== WHAT THIS TASK INVOLVES ==
Starting from the line with "Crowds gather in" and going up to and including the line with "Palladium hand made", copy the listing below exactly. Leave all images out.

== SUPPLIED RECORDS ==
---+---

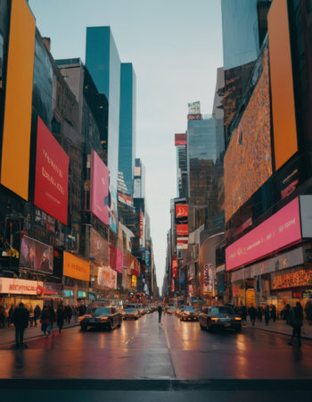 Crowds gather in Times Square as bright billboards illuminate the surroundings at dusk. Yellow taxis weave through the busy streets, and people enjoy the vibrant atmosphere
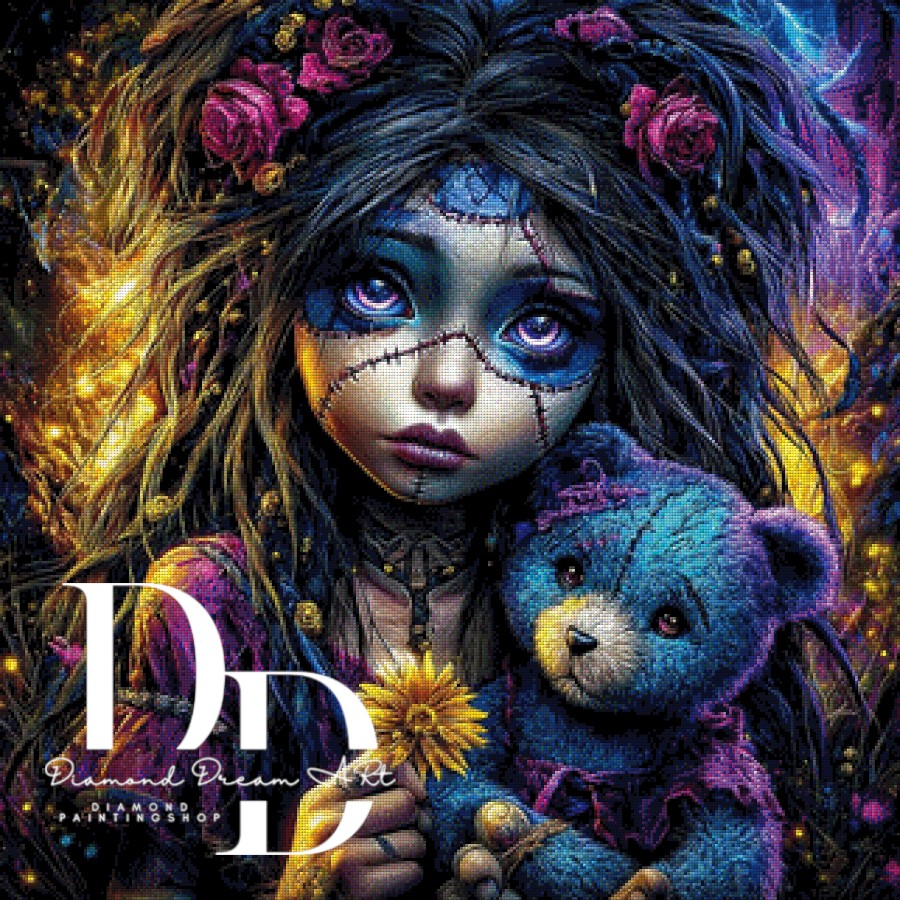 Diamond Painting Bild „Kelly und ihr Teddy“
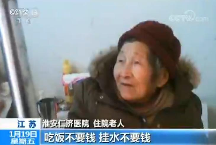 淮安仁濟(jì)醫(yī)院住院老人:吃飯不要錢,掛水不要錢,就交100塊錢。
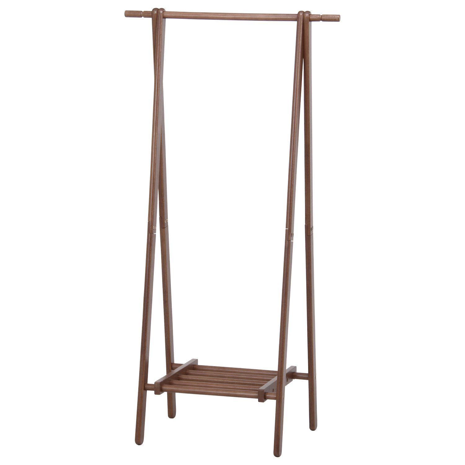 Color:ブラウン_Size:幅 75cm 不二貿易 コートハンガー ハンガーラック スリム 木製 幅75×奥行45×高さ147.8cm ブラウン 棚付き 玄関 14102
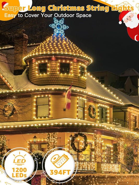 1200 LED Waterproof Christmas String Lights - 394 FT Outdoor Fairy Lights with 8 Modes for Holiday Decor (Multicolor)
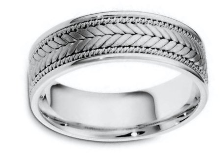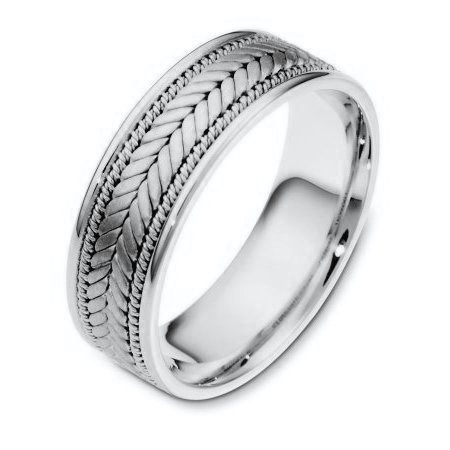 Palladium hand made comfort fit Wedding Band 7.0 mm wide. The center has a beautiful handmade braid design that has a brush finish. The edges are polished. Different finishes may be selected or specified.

---+---

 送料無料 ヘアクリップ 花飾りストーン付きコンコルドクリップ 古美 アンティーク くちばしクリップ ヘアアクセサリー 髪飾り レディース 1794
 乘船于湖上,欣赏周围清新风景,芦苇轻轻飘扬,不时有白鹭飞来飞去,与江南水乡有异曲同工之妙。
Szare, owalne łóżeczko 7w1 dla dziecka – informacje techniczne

---+---

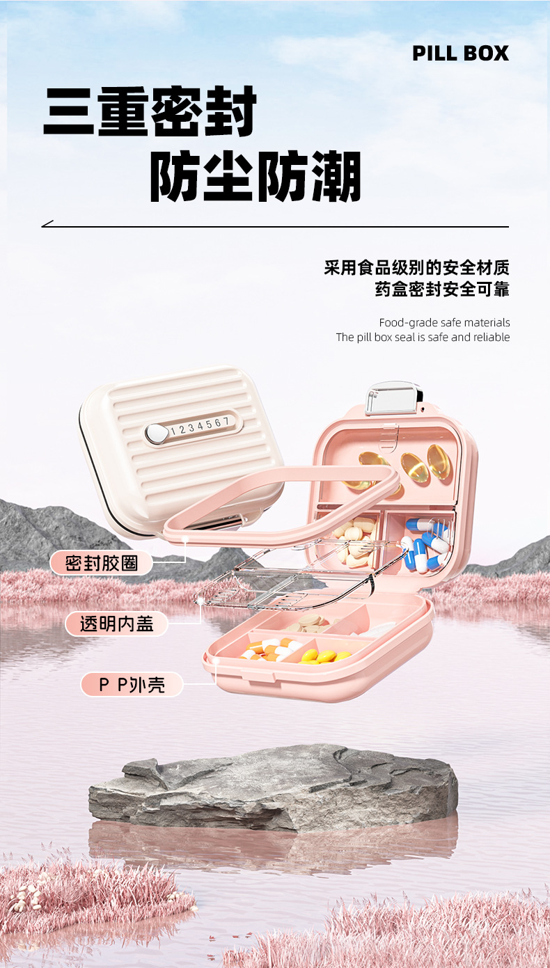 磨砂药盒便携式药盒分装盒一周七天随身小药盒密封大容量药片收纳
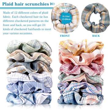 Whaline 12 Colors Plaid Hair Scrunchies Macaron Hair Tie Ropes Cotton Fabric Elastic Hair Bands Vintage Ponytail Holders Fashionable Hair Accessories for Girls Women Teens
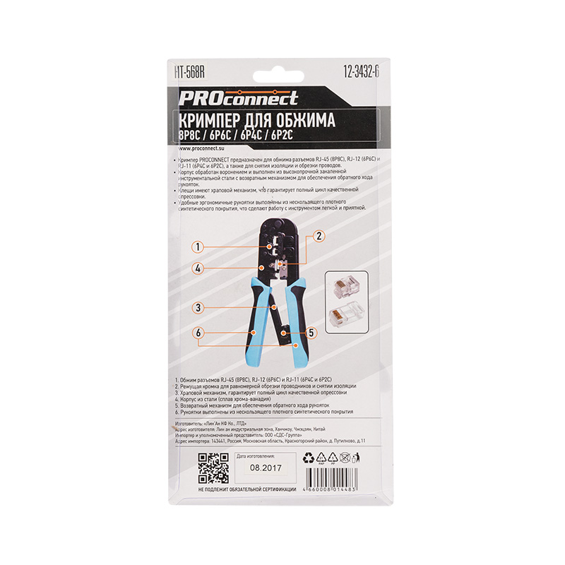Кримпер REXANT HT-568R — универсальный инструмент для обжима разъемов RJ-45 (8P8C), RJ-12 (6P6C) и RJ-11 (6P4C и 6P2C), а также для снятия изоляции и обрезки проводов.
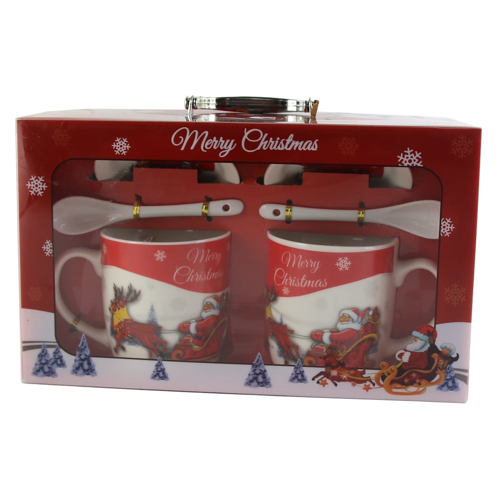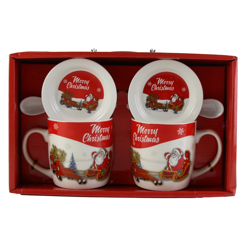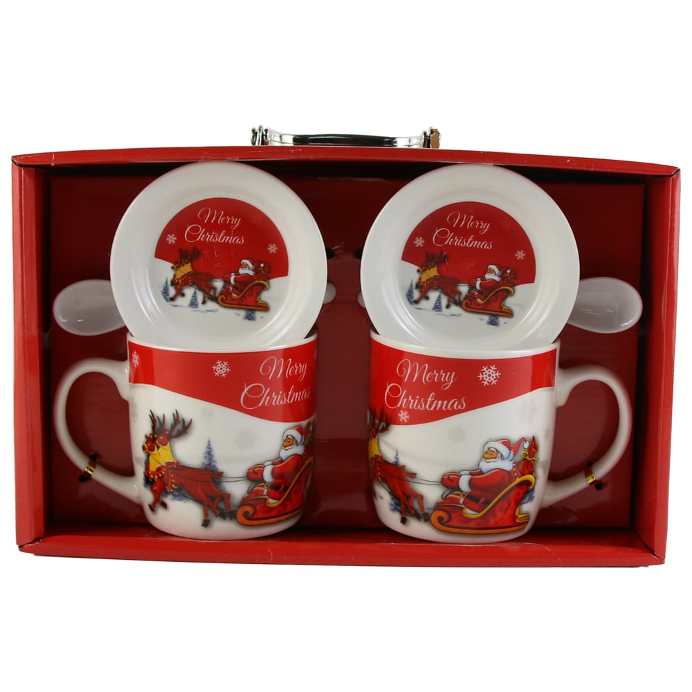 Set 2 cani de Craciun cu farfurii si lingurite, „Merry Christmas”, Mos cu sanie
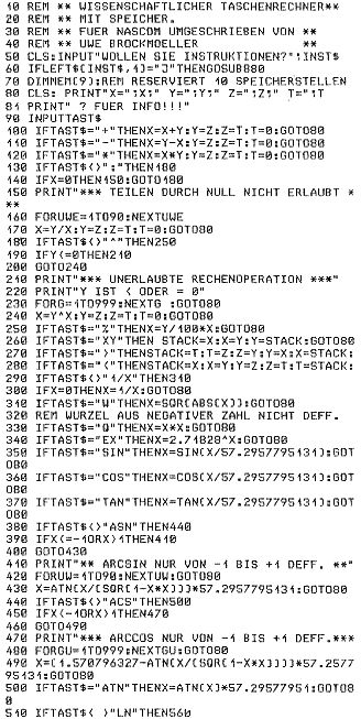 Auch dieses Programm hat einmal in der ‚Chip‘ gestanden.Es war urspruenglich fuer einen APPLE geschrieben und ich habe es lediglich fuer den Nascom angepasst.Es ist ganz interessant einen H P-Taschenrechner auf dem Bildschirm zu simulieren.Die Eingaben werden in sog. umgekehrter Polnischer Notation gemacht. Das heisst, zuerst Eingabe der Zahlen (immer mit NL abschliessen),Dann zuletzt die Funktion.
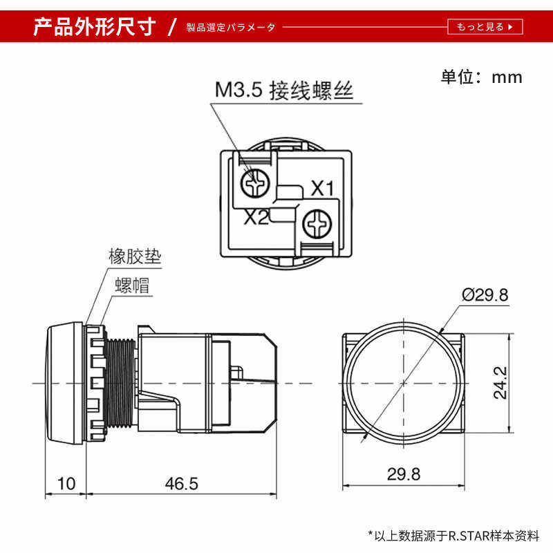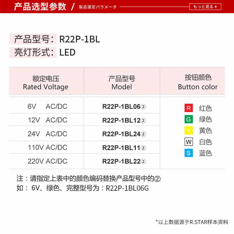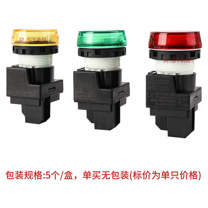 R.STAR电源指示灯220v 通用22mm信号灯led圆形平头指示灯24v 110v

---+---

== TASK RESPONSE ==
 Crowds gather in Times Square as bright billboards illuminate the surroundings at dusk. Yellow taxis weave through the busy streets, and people enjoy the vibrant atmosphere
 Diamond Painting Bild „Kelly und ihr Teddy“
 淮安仁濟(jì)醫(yī)院住院老人:吃飯不要錢,掛水不要錢,就交100塊錢。
 Color:ブラウン_Size:幅 75cm 不二貿易 コートハンガー ハンガーラック スリム 木製 幅75×奥行45×高さ147.8cm ブラウン 棚付き 玄関 14102
 1200 LED Waterproof Christmas String Lights - 394 FT Outdoor Fairy Lights with 8 Modes for Holiday Decor (Multicolor)
 Palladium hand made comfort fit Wedding Band 7.0 mm wide. The center has a beautiful handmade braid design that has a brush finish. The edges are polished. Different finishes may be selected or specified.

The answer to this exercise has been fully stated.